I was actually waiting for this response, which comes from people so addicted to grievence that they are unable to engage with the scholarship as it exists. https://twitter.com/sullydish/status/1274012867839365120
Read McPherson, read Foner, read Berlin, read Hahn, read Fields, read Sinha, etc. Simply glance through the scholarship and you’ll quickly see that answer to “who freed the slaves” is “the slaves did.”
It was enslaved Africans who forced the question of emancipation in the revolutionary period, pushing New England legislatures toward gradual emancipation laws with freedom suits and public advocacy.
It was enslaved Africans who, through escape and rebellion, drove the recurring political confrontations over slavery in the early 19th century.
It was enslaved Africans and their free black allies who pushed the white anti-slavery movement away from colonization and toward abolitionism.

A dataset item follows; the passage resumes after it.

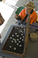 Next on tap we paid a visit to the ‘Two Up’ ring just outside town. As mentioned in my last posting, anywhere there are many men and few women, the predicted vices seem to crop up – and gambling is of course one of them. Two Up is a simple game based on a coin toss – you can read about it here if you wish to know the rules and history. We had been given a demonstration and some play money to get us going, and we had a lively game at the now dilapidated ring. Michael and I were NOT on the winning end I must add.

You can keep going down the list here, all the way to the Civil War, which becomes a war of liberation because enslaved Africans and free blacks *made it* a war of liberation.
There is no question that Lincoln — with his political shrewdness, intellectual flexibility, resolve, and sincere anti-slavery beliefs — is an important part of the story.
But like any skilled politician, Lincoln capitalized on events, he did not drive them. As soon as shooting started, the enslaved forced the issue by fleeing to Union lines & abandoning plantations. They were the irrepressible actor, who made a war of abolition a live possibility.
And when *that* war came, they took up arms to fight it.
The slaves freed the slaves.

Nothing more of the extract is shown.